As a result of the advantages of virtual machines, some administrators rushed to fully virtualize their complete production environments, only to later return some virtualized servers back to physical systems. The reason was the major drawbacks to running virtual machines in production:

Additional latency
No reduction in the number of managed systems

Virtual machine host applications emulate system resources for their hosted OSs, so an additional access layer exists between virtual machines and the resources they use. Some of the latency encountered by virtual machines can be reduced by having them connect directly to physical disks instead of using virtual disk files. However, on CPU-intensive applications, the latency is still noticeable.

The other hidden drawback to consolidation through the use of virtual machines is that it does not reduce the number of managed systems on the network—instead it can increase that number. For example, if an administrator plans to consolidate 24 servers to virtual machines running on three hosts, there will be 27 servers to manage—the 24 original systems as well as each of the three virtual machine host servers. Therefore, although virtual machines enable fewer physical resources in the server room, there will still be the same number or even more servers that will require software, OS, and security updates.

Shared Data Clusters

Shared data clusters have emerged as a way to escape from the boundaries of server consolidation through virtual machines. Unlike with virtual machines, deploying shared data clusters can provide the ability to reduce both the number of physical systems and managed OSs on the network.

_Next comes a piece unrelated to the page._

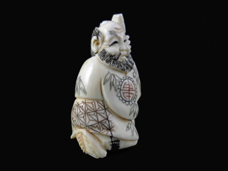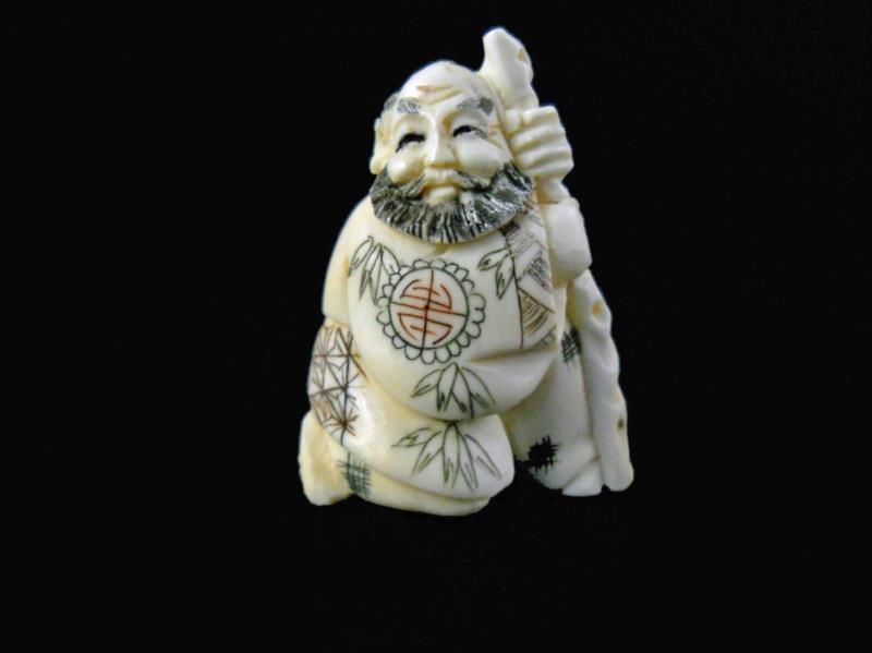 Hand Carved Ivory Netsuke Figure measures 1 1/2 inches tall

A major difference between shared data clusters and virtual machine applications is in their approach to consolidation. Shared data clusters are application centric, meaning that the clustered applications drive the access to resources. Each application, whether a supported database application or file server, can directly address physical resources. Also, in being application centric, the consolidation ratio doesn't need to be 1-to-1. Thus, 24 production file servers could perhaps run on four cluster nodes. As the virtualized servers exist as part of the clustering application, they are not true managed systems. Instead, there would be only four true servers to update and maintain. This option offers the benefit of physical server consolidation at a highly reduced cost of ownership.

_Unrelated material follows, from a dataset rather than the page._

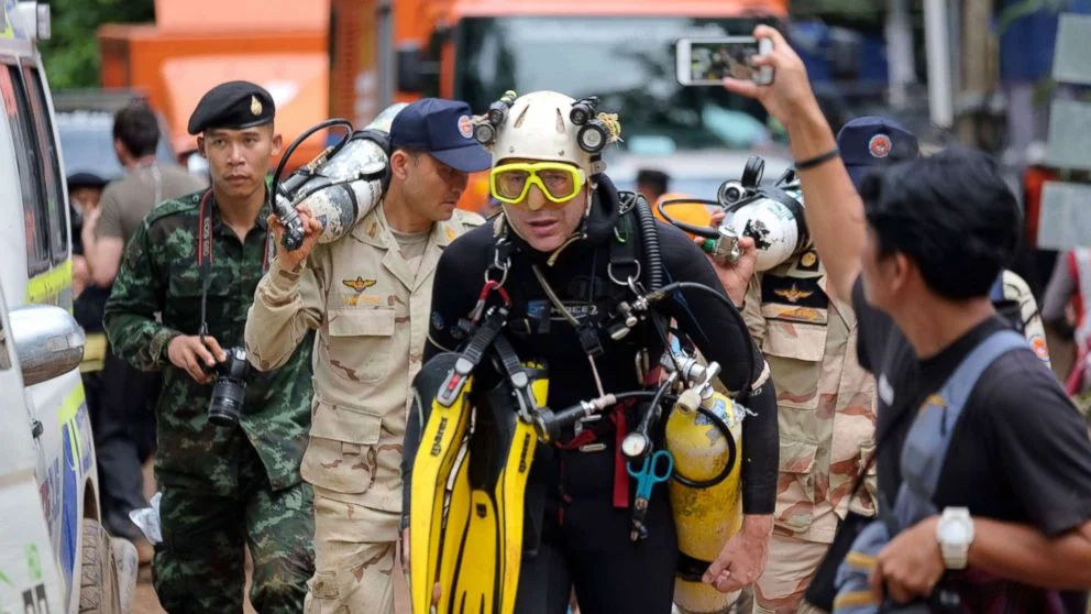 Международният екип от пещерни водолази и спасители, който проникна в тайландската пещера Кхао Луанг, за да спаси момчетата и треньора на футболния отбор, изчезнали вътре.

Shared data clusters also offer the following advantages:

Failover support—If a cluster node fails, an application can move to another node in the cluster, thus maintaining data availability after a system failure
Shared data support—Shared data clustering provides the ability for data sharing between hosted file serving and database applications
Load-balancing support—Client connections can be distributed among multiple cluster nodes; with traditional failover clustering, each virtual server entity is hosted by a single system
Simplified backup—With shared data support, backups can be driven through a single cluster node, thus simplifying backups and restores as well as reducing the number of required licenses for backup software

Comparing Virtual Machines and Shared Data Clusters

To make sense of these two approaches, Table 2.1 lists the major differences between server consolidation via virtual machines and by deploying shared data clusters.

Administrative Task	Virtual Machines	Shared Data Clusters
Reduce the number of managed systems	Each virtual machine must still be independently updated and patched; the number of managed systems will likely increase as virtual machine hosts are added	The number of managed systems is significantly reduced, with the cluster nodes representing the total number of managed systems
Consolidate legacy file servers to a single physical system	Supported	Supported
Failover	Yes, via installed OS or third-party application	Yes
Virtualization software overhead	Up to 25 percent	None
Single point of failure	Potentially each virtual machine	No
Ability to share data	No	Yes
Backup and recovery	Each virtual machine must be backed up independently	Shared storage resources in the SAN can be backed up through a single node attached to the SAN
Support for legacy applications	Yes	No

Table 2.1: Virtual machine vs. shared data clusters.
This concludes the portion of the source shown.